## PROBLEM
From the line containing "Настенная сплит-система On/Off" to the end of the data, retype every line exactly and nothing else. Drop the pictures.

(Stored items)
━━━━

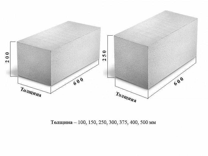 Размер блока: длина — 600 мм, ширина — 250 мм
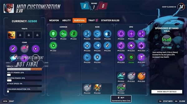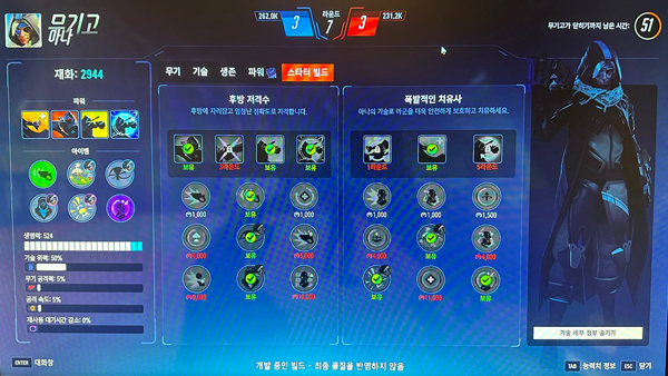 가령 라인하르트는 방패를 착용한 채 돌진 공격이 가능해지고, 루시우는 궁극기 쿨타임 감소로 팀에 지속력을 부여하는 것이 가능하다. 공격 영웅들은 극딜 형태 중심의 아이템 배치가 가능하지만, 반대로 스킬과 기술에 특화된 플레이 강화를 통해 변수를 노릴 수 있도록 유저 스스로 빌드를 짤 수 있다.
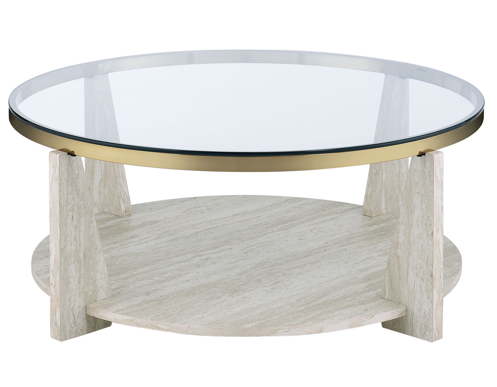 With its modern profile and sleek 42″ round shape, the Wanda Castered Glass Top Coffee Table serves as a stunning centerpiece for any room. The tempered glass top provides a chic display space, beautifully showcasing items on the lower shelf. A satin brass band adds a touch of luxury, perfectly complementing the faux stone base that delivers the sophisticated look of stone at an affordable price. Architectural supports create a striking contrast with the round base, while convenient casters ensure effortless mobility for cleaning or repositioning.
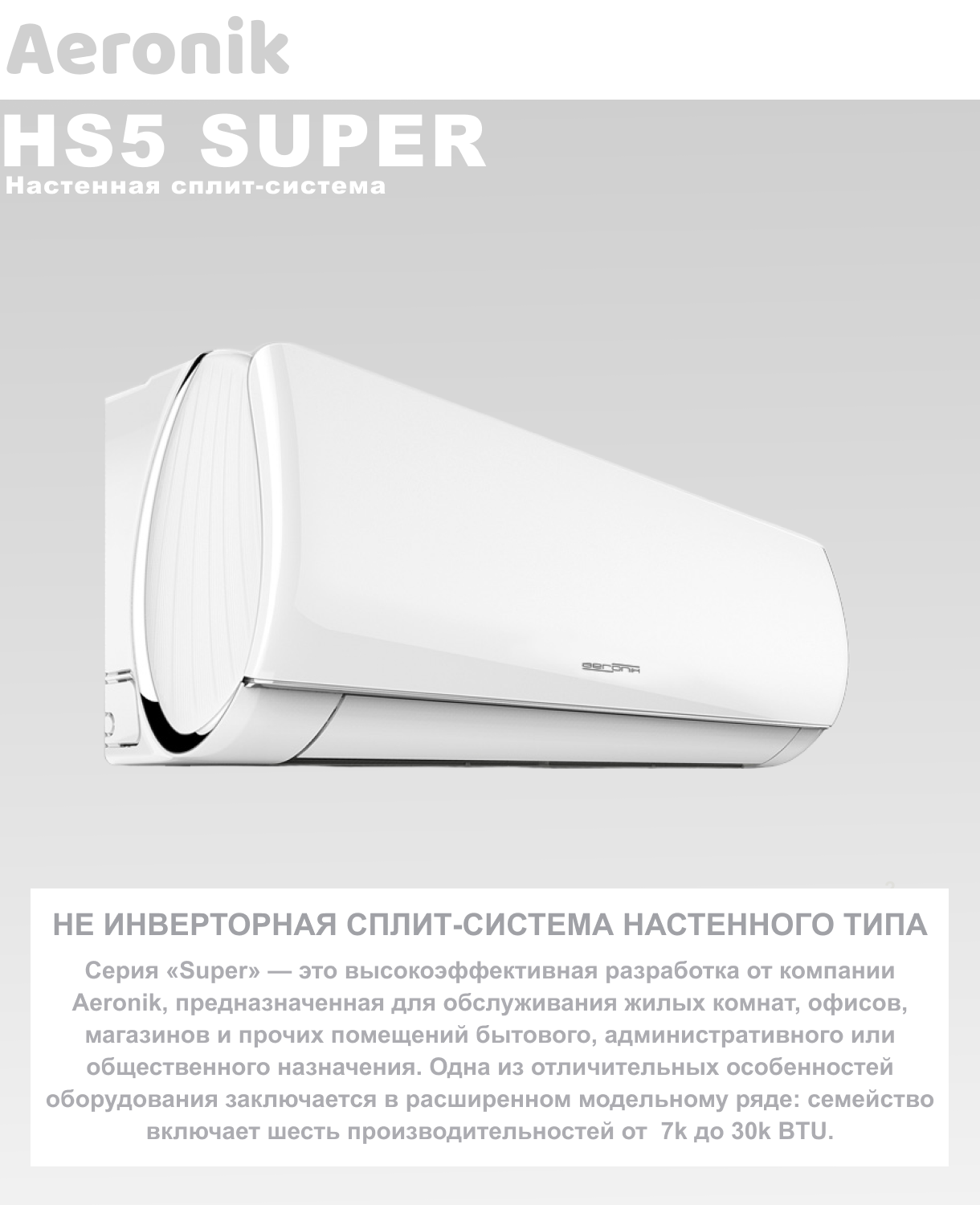 Настенная сплит-система On/Off Aeronik Сплит AERONIK ASI-07HS5/ASO-07HS5 Серия ( HS5)
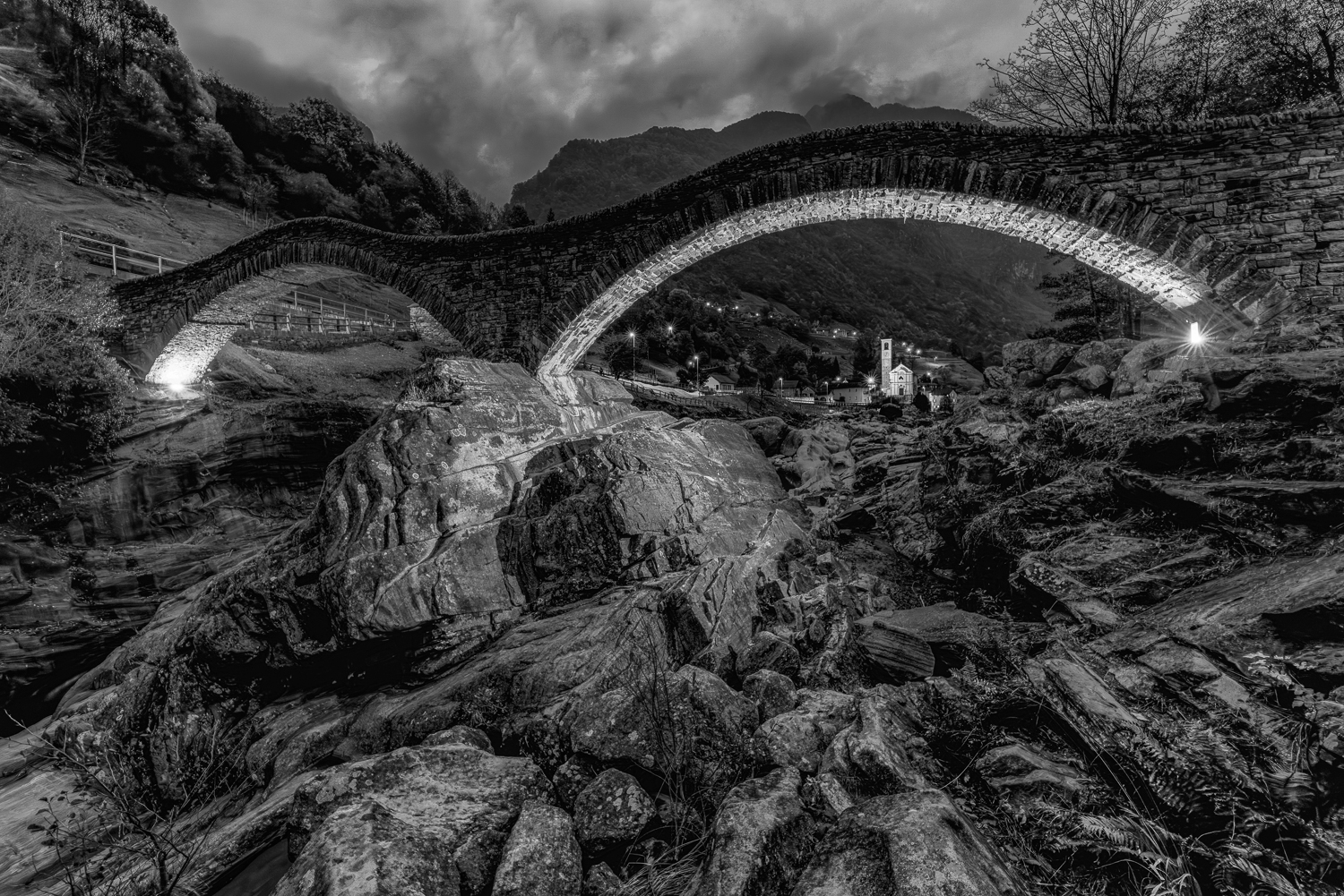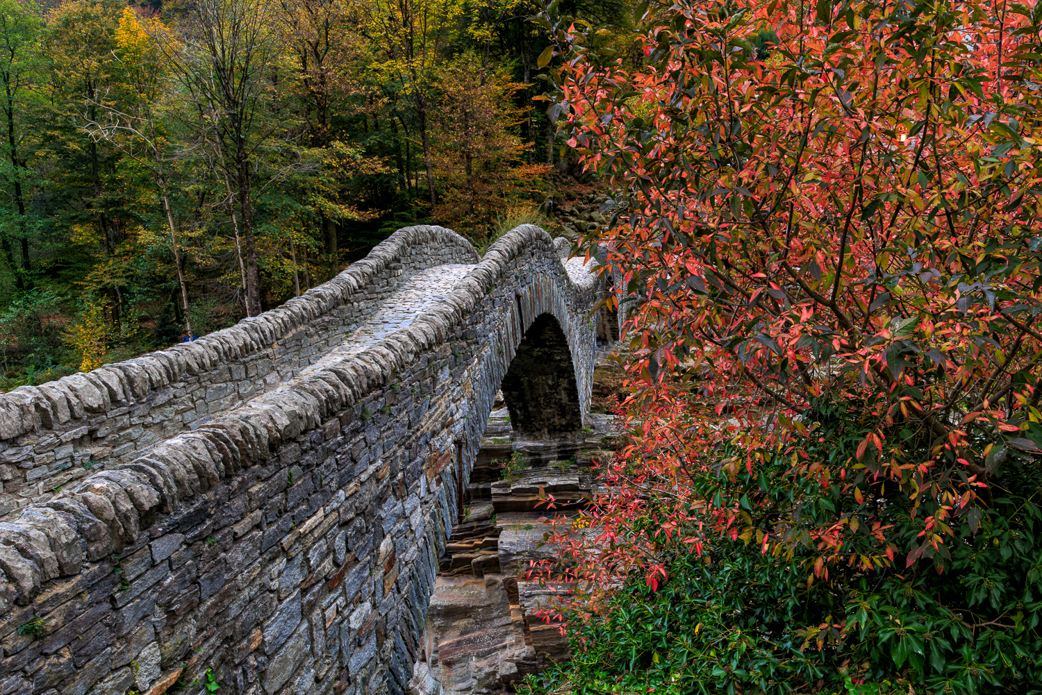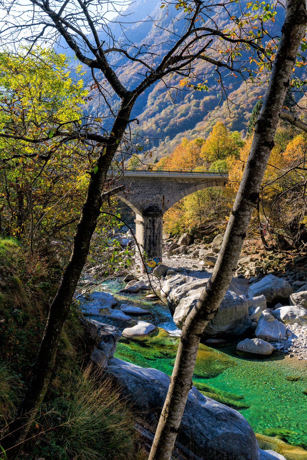 Wir wohnen in Lavertezzo in einer Osteria direkt an der berühmten Römerbrücke, der wir uns natürlich auch fotografisch widmen.

━━━━

## WRITTEN SOLUTION
 Настенная сплит-система On/Off Aeronik Сплит AERONIK ASI-07HS5/ASO-07HS5 Серия ( HS5)
 Wir wohnen in Lavertezzo in einer Osteria direkt an der berühmten Römerbrücke, der wir uns natürlich auch fotografisch widmen.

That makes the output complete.